- VCD cover
- Genre: Epic, Clay animation
- Based on: Shahnameh
- Written by: Fereydun Daneshmand
- Directed by: Hossein MoradiZadeh
- Music by: Behzad Abdi
- Country of origin: Iran
- Original language: Persian
- No. of episodes: 3 near 100-minute films

Production
- Producer: Saba Animation Center

Original release
- Network: IRIB TV1

= The Legend of Mardoush =

The Legend of Mardoush (افسانه ماردوش), is a long animated Persian trilogy based on the mythical stories of Shahnameh.
The metaphor mardoush, literally meaning snake-shoulder, refers to Zahhak, as two snakes grew on his shoulders after they were kissed by Ahriman.
The production of this movie started in 2002 and finished in 2005 and it is one of the longest clay animation projects done in Iran.

== Episodes ==
=== Cup of Divination ===
The first episode starts with a short review of history from the beginning, up to when Jamshid becomes the king.
As he sees strange problems are emerging in his kingdom, he consults Shahrasb, an old, wise, and well-known priest among the Katouzians living in the Alborz mountains.
Shahrasb reveals that Ahriman was the cause of those problems and suggests him to capture the cup of divination, currently possessed by Ahriman, so that Ahriman cannot use it anymore.
The episode is mainly about Jamshid and his 6 fellows looking for the cup.
The episode ends when Jamshid successfully returns with the cup and founds Nowruz.

=== Azhi Dehak ===
In the second episode, Jamshid, little by little, becomes merciless and proud of himself.
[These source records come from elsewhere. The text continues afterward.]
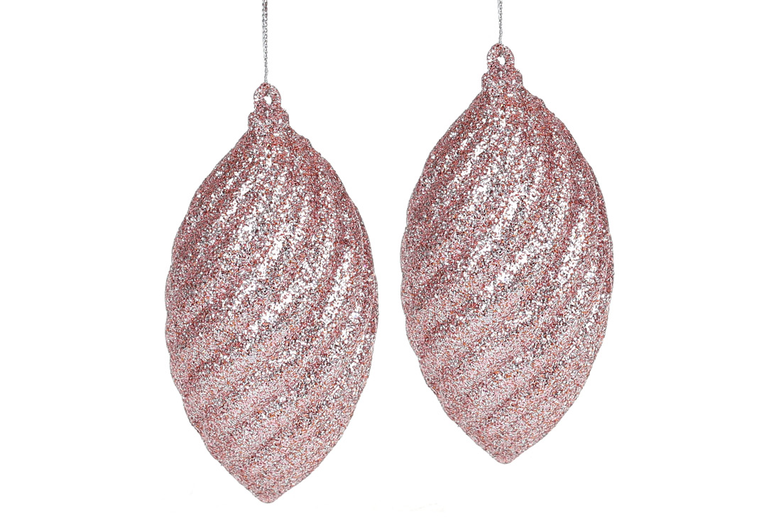 Набір (2шт) ялинкових прикрас, колір - рожевий гліттер
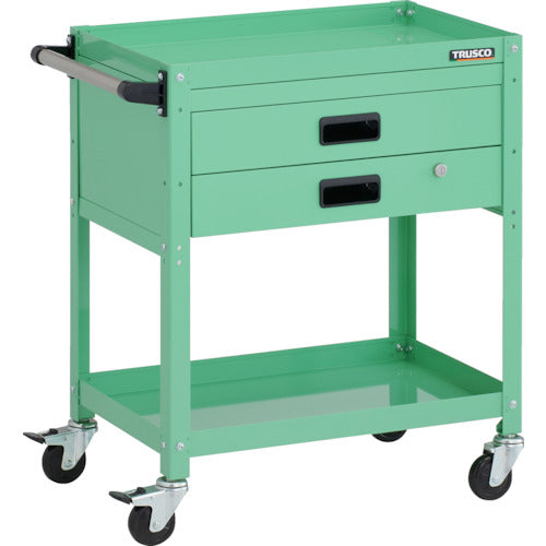 TRUSCO ツールワゴン ラビットワゴン 600X400XH740 2段 2段引出付 ハンドル付 ゴム車輪 ヤンググリーン
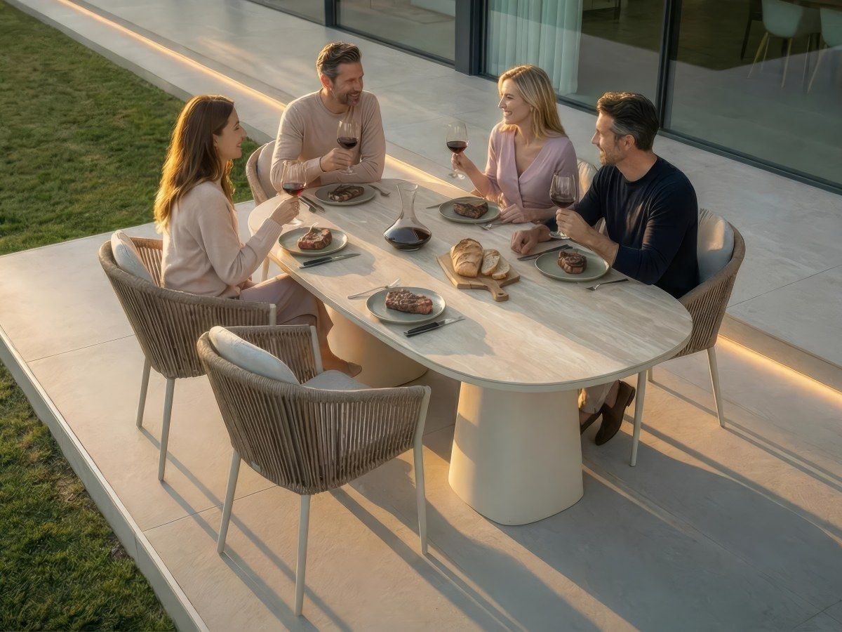 Odolnosť pre exteriér: Robustná hliníková konštrukcia v kombinácii so Sinterstone doskou robí zo stola dlhoročného partnera, ktorý si zachová svoj vzhľad aj po sezónach na priamom slnku či daždi.
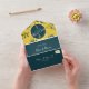 Elevate your wedding with our all-in-one invitation that beautifully blends botanical charm and modern boho style! Featuring a sunflower monogram and hand-drawn lovebirds, this rustic design in vibrant yellow and emerald green sets the perfect tone. A trendy handwritten script adds a personal touch, while a convenient QR code makes RSVP a breeze. Personalise it with your photo, wedding details, and custom image on the back for a truly unique keepsake!
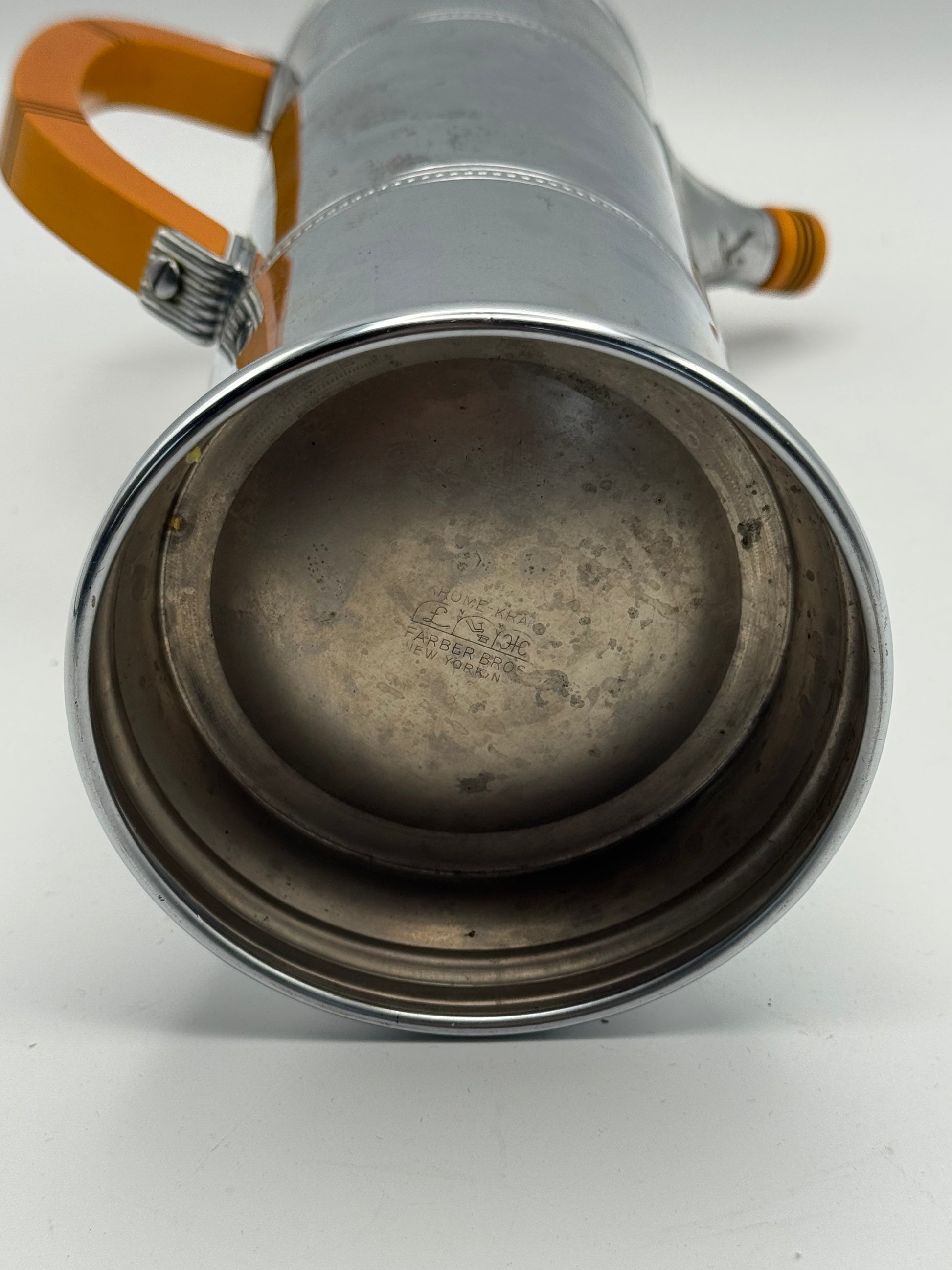 Krome Kraft / Farber Bros. are prized for their sleek Art Deco styling and bold Bakelite accents. This cocktail shaker embodies the glamour of 1930s entertaining and remains highly desirable among collectors today.
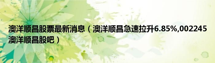 澳洋顺昌股票最新消息(澳洋顺昌急速拉升6.85%,002245澳洋顺昌股吧)
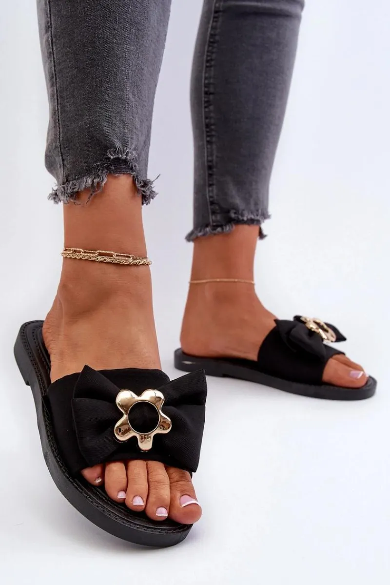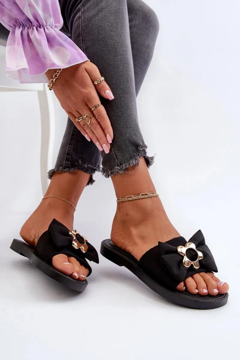 Best Boto Klapki Damskie Z Kokardą Czarne Arsicada
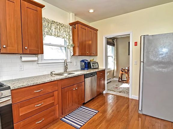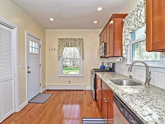 Opportunity knocks at 2365 Washington Street in Holliston. This cozy ranch style bungalow is move in ready, and is very conveniently located to shopping, major routes and Adams Street Conservation Area. Both the driveway and the 2 car detached garage are located on Adams Street. Cute updated kitchen (2013) features wood flooring, granite countertops, recessed lighting, gas cooking and stackable washer/dryer which are included. The dining area is light and bright, with ceramic tile flooring and room for a large table. The living room carpet is brand new (2016), and there are oversized windows in this room, allowing the sunlight to stream in. The front room offers many possibilities, and has pretty wainscoting. Both bedrooms have carpeting and built-in closet storage. Updated bath (2008( with tiled floor and tiled tub/shower. Other updates include newer windows, roof (2009); new front and side entry steps, new porch railing, and new driveway. Wonderful value for Holliston!
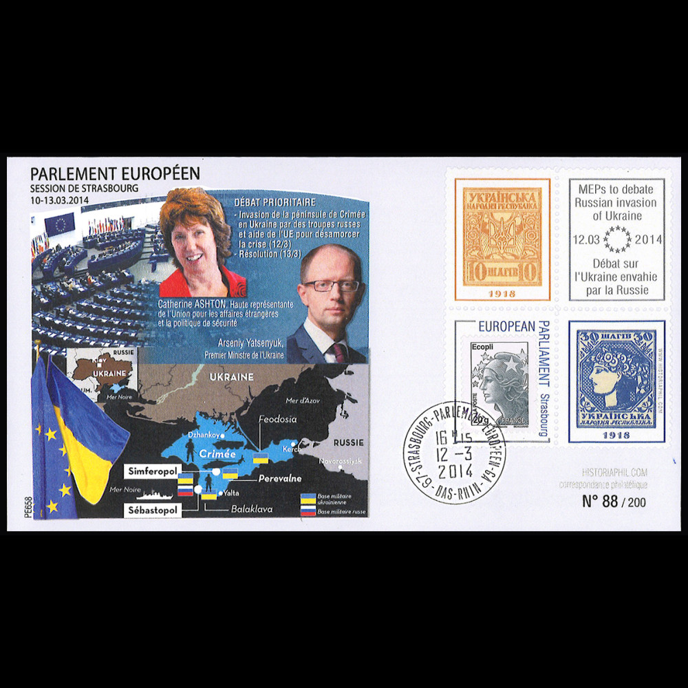 Affranchissement France 1 valeur Ecopli 20g grise "Marianne et l'Europe, 2013" sur porte-timbre privé "12.03.2014, Parlement européen de Strasbourg Débat sur l'Ukraine envahie par la Russie / Premiers timbres de l'Indépendance de l'Ukraine (1918)" oblitération tàd Strasbourg "Parlement européen" (France) 12.3.2014

Against the warning of his friends, he frees the deevs imprisoned by his father in Alborz mountains to use their force in building castles. Concurrently, the movie shows how Zahhak kills his father and becomes the "mardoush". The two characters finally confront, Jamshid loses the battle and escapes. Zahhak captures the whole Iran, and kills many people. The episode ends when he dreams Fereydun as the person who is going to take him down. Finding the meaning of his dream, he orders to kill all newborn boys.

=== The Fight of Fereydun ===
The third episode starts with the birth of Fereydun. He is secretly brought up in a grove, until Zahhak finds out his location but fails to catch him. Faranak (Fereydun's mother) then brings the young boy to Alborz mountains and asks Shahrasb to take care of Fereydun and teach him. Fereydun finally becomes a strong and clever man. With a huge army, he joins Kaveh and revolts against Zahhak, defeats and arrests him in the Alborz Mountains.